Watch out for stink bugs and kudzu bugs

• By Sandy Steckel and Scott Stewart •

green stink bug
Adult green stink bug — photo courtesy University of Tennessee

Many soybeans in Tennessee have entered the reproductive stages, and this is a critical time for scouting insects. This is especially true for fields in the later development stages with seed forming in pods as they are very attractive to several species of stink bugs, which are seed feeders.

Green stink bugs

The most common insect pest in our soybeans are green stink bugs. We can also have brown stink bugs, brown marmorated stink bugs and a few other less common species.

The best way to determine what insects are present in your beans is with a sweep net. Just a reminder, adult and immature stink bugs both count toward the treatment threshold of 9 per 25 sweeps in R1-R6 soybeans.

The University of Tennessee recommends doing four sets of 25 sweeps in representative parts of the field, not just edges or middles. We know getting to the middles of most narrow-row fields is not always practical, but do the best you can.

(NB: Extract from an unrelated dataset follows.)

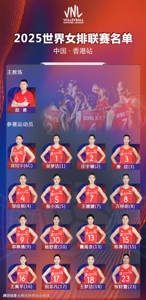 世界女排联赛中国香港站中国队名单出炉:吴梦洁龚翔宇领衔 王梦洁杨舒茗在列

Most pyrethroid insecticides work well on green stink bugs. However, be mindful if you have a fair number of brown stink bugs (20% – 30%). In this case, bifenthrin or acephate will do better at controlling both green and brown stink bugs.

Kudzu bugs on the rise
kudzu bugs
Photo courtesy Auburn University

Populations of kudzu bugs are also increasing in some areas. Adults and egg clusters are not difficult to find in soybean locally.

Do not trigger an application on adults, only nymphs. Treatment is warranted if you average 1 nymph per sweep (or 25 nymphs per 25 sweeps).

Products with the active ingredient bifenthrin are hard to beat at 5-6 oz/acre, but most pyrethroid insecticides generally provide good control with the exception of cyfluthrin (e.g., Baythroid XL and Tombstone).

Sandy Steckel is Extension assistant, and Dr. Scott Stewart is IPM Extension specialist. Both are with the University of Tennessee.